Effects of salinity on hydrate stability and implications for storage of CO2 in natural gas hydrate reservoirs

Abstract

The win-win situation of CO2 storage in natural gas hydrate reservoirs is attractive for several reasons in addition to the associated natural gas production. Since both pure CO2 and pure methane form structure I hydrate there is no expected volume change by replacing the in situ methane with CO2, and there is not net production of associated water which requires extra handling. The geo-mechanical implication of the first of these may be a very important issue since hydrates in unconsolidated sediments are the most promising targets for exploitation of natural gas. The stability of CO2 stored in the form of hydrate is probably one of the safest options today, even though also this option relates to safety of sealing cap-rock or clay layer. The stability of hydrates in a reservoir depends on many factors, including the interactions between minerals, surrounding fluids and hydrate. The natural level of salinity increases with depth in a reservoir. In addition formation of hydrate will lead to increased salinity of the fluids surrounding the formed hydrate.

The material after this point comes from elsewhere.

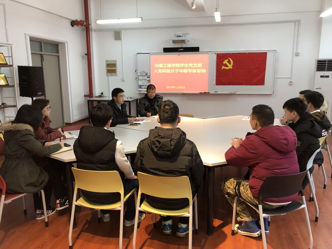 2019年1月8日中德工程学院学生党支部在C105召开预备党员入党宣誓暨入党积极分子中期考察答辩会,支部全体党员、党总支部分委员、3名新发展学生党员、3名入党积极分子参加。会议首先进行入党积极分子中期考察答辩...

This may lead to liquid pockets of residual aqueous solution with increased salinity as well as very non-uniform hydrate. The latter due to the fact that hydrate composition and stability relates to properties of surrounding fluids. In the work presented here methane hydrates were formed in several sandstone cores. The cores were all partially saturated with brine of different salinities in order to identify the effect salinity has on the fill fraction, the amount of methane per available structural site in hydrates. The results indicate that salinities lower than regular sea water composition has no significant impact on the fill fraction of methane hydrate in porous media. When the salinity surpasses regular sea water composition there is a significant drop in fill fraction. The methane hydrate fill fraction is dominated by total brine salinity rather than brine distribution in the core.